View Single Post
Old 10-03-2013, 11:14 AM   #6
At_Libitum
Addict
At_Libitum ought to be getting tired of karma fortunes by now.At_Libitum ought to be getting tired of karma fortunes by now.At_Libitum ought to be getting tired of karma fortunes by now.At_Libitum ought to be getting tired of karma fortunes by now.At_Libitum ought to be getting tired of karma fortunes by now.At_Libitum ought to be getting tired of karma fortunes by now.At_Libitum ought to be getting tired of karma fortunes by now.At_Libitum ought to be getting tired of karma fortunes by now.At_Libitum ought to be getting tired of karma fortunes by now.At_Libitum ought to be getting tired of karma fortunes by now.At_Libitum ought to be getting tired of karma fortunes by now.
 
Posts: 265
Karma: 724240
Join Date: Aug 2013
Device: KyBook
I like the initiative but I think there is still room for improvement. It deemed a lot of perfectly valid spelled words a 'Possible OCR error'. I have totally no idea if this is possible but I think you could reduce this a lot by looking at the context the word was used in. Not every h is always the result of an OCR errored 'b' nor vice-versa, same for the 'l' and 'f' versus 't'.

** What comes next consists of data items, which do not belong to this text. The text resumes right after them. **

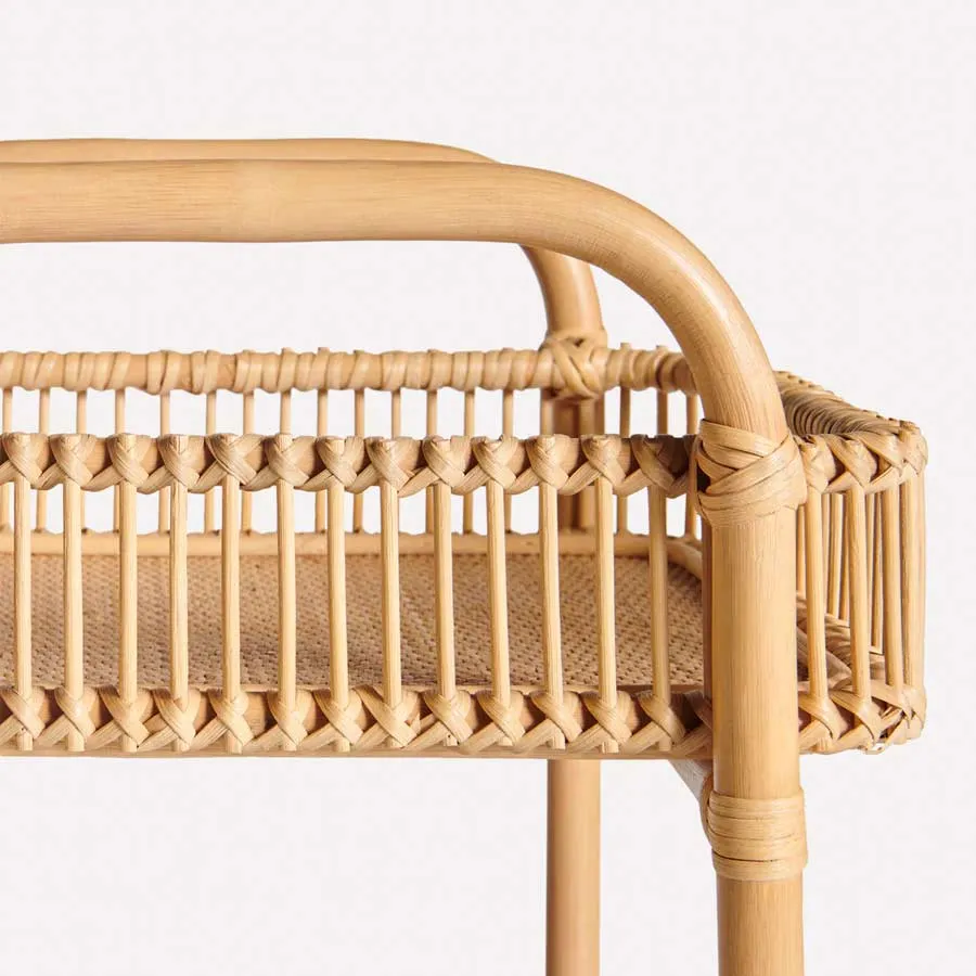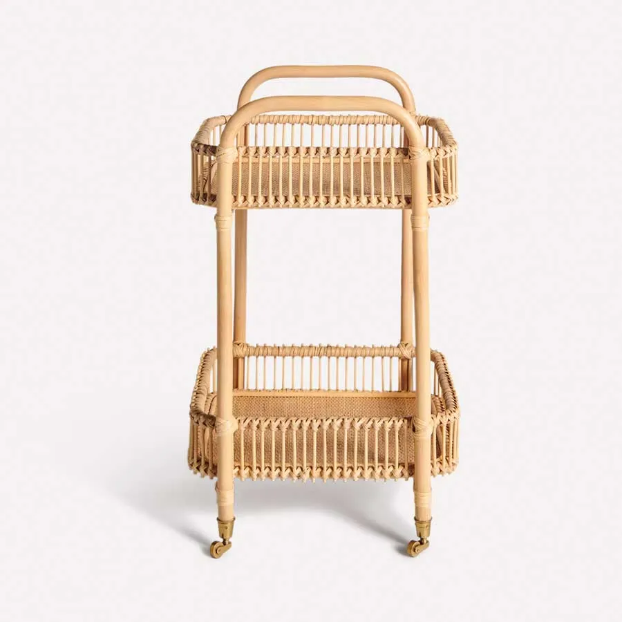 Bonito carro de servicio o camarera, fabricado con ratán natural. Dispone de ruedas con acabado dorado y dos baldas.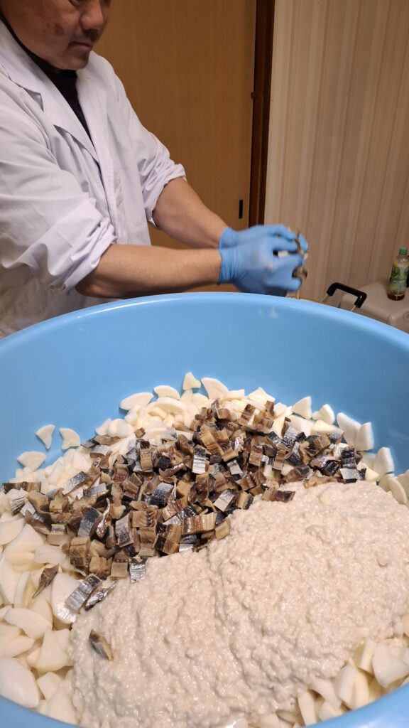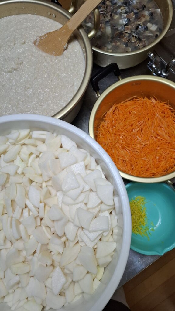 秋からの大根の栽培、お米から自家製麹、そして甘酒を仕込み、大根を塩漬けして5日待ち、にしんなどの下処理をして本漬けに臨みます。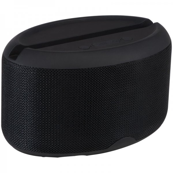Głośnik Bluetooth z miejscem na telefon lub tablet. Dostępny w czarnym kolorze.
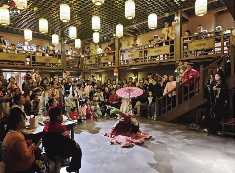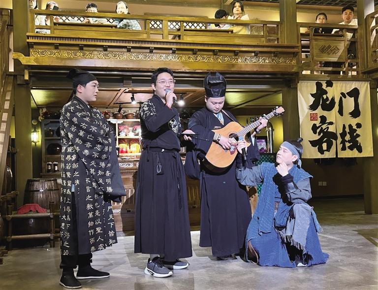 “諸位小友近來可好?”“好!”在街區(qū),NPC們與游客的互動成為一大亮點。為了讓游客更好地沉浸其中,街區(qū)里的“蘭裳閣”專門提供服裝出租和妝造設(shè)計服務(wù)。游客們在這里換上漢服、做好造型,“穿越”成古人與NPC們共同沉浸在這場歷史旅行中。張偉彥在“龍門客棧”工作快半年了,飾演店小二馬一刀。他對角色有著自己的理解:“導(dǎo)演讓我演店小二,大家印象里店小二都是機靈、腿腳快的。但我演的這個店小二帶著江湖氣息,他藏在龍門客棧,其實是個刀客,在這里打工是為了打探消息,畢竟龍門客??墒墙⒌木奂?。”記者走在街區(qū),時不時就能看到他拿著草帽,熱情地招呼游客玩接帽子游戲。遇到靦腆不敢嘗試的游客,他也會不斷鼓勵,有時候碰上外國游客,他還隨口說幾句英語與其互動。

I also found, by accident, that it seems to suffer from OCR blindness itself too. I was trying it out on "Three Men in a Boat" from Jerome K. Jerome, and there is a sentence in the ePub going as follows:

"Harris, in moving about, trod on George’s corn."

Epub spellchecker actually read the corn as "com" and also flagged it as such. AND gave the same word as suggested replacement.
(see attachment)

Also, about the unneeded hyphens, not being a native English speaker I would need to study up on when and where they are normally used but I am almost sure there are words requiring them. I have not yet looked too deep but I assume there is some kind of exception list someplace so that not everything containing hyphens is flagged as such.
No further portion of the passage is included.